A new study conducted by researchers at the University of Copenhagen reveals that genetic defects may damage the glial cells, supporting cells of the brain, which in turn could lead to various brain disorders, such as schizophrenia. In the study, the researchers performed tests with mice whose brains were colonized with glial cells from humans.
During the embryonic stage of brain formation, the process follows a strict protocol in accordance with a recipe formed by a specific type of stem cell, known as the progenitor cell. These cells eventually develop into glial cells, brain support cells, which include both oligodendrocytes and astrocytes. These neuroglial cells play a huge role in the formation and maintenance of neural networks throughout one’s lifespan.

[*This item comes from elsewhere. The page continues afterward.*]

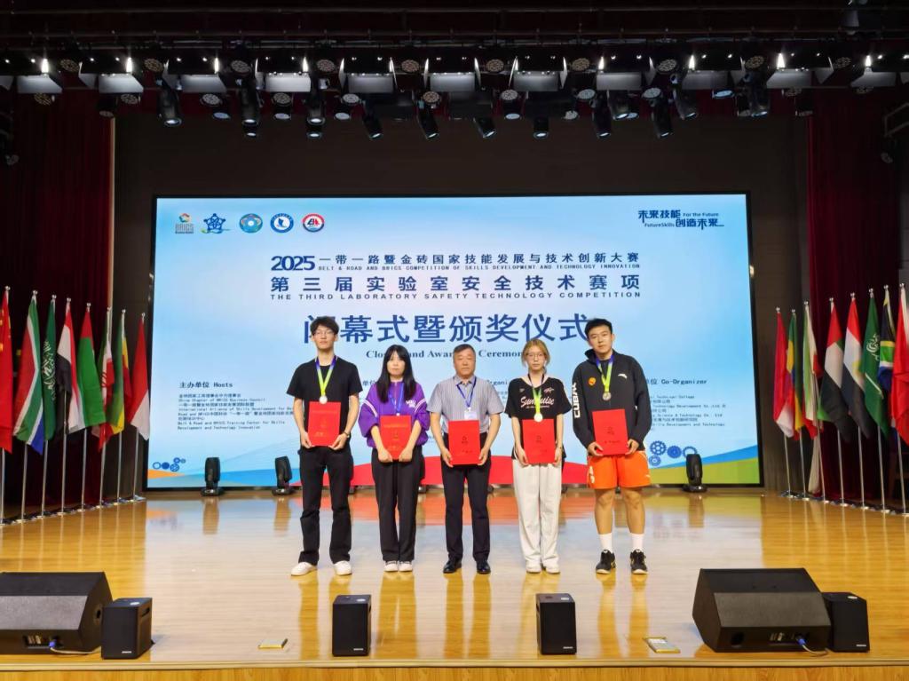 6月17到20日,2025“一带一路”暨金砖国家技能发展与技术创新大赛实验室安全技术赛项全国总决赛(高职组)在辽源职业技术学院圆满落幕。经过激烈角逐,由我院陈浩博、王博康、刘然三位同学(指导教师:朱丽杰、李曼)组成的代表队,从全国45所高职院校中脱颖而出,斩获团体二等奖。同时,贝博官网荣获“优秀组织奖”单位,指导教师获评“优秀指导教师”称号。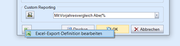 In einigen Reports können über den Button mit dem EXCEL-Symbol direkt die Daten als EXCEL-Datei gespeichert ohne vorher den Report öffnen zu müssen. Diese Funktion steht in immer mehr Reports zur Verfügung (z.B. Kontoauszug, Bilanz, Erfolgsrechnung, Offene-Posten- und Bewegungslisten, etc.).

The new study reveals that recognizable genetic depositions may cause disease to develop in the progenitor cells, which may damage the maturation of the support cells. Which in turn could weaken the production by oligodendrocytes of myelin, a protective layer that covers the nerve pathways of the brain. The lack of myelin is a contributor of schizophrenia.
The research team has identified various decisive genes that are known for triggering the defects in the progenitor cells. This could lead to the development of new stem cell treatment and drugs to treat schizophrenia.
“It was through studies of mice and human glial cells that we succeeded in testing how dysfunctional glial cells may cause abnormalities in the formation of the brain’s neural networks, which may in turn cause severe anxiety, anti-social behavior and severe sleep problems. We see these problems in the mice, just as in human patients. This is an important discovery because it will now enable us to develop methods that can counteract the unwanted development of progenitor cells,” says Steven Goldmen, professor for the Center for Translational Neuromedicine at the University of Rochester and University of Copenhagen.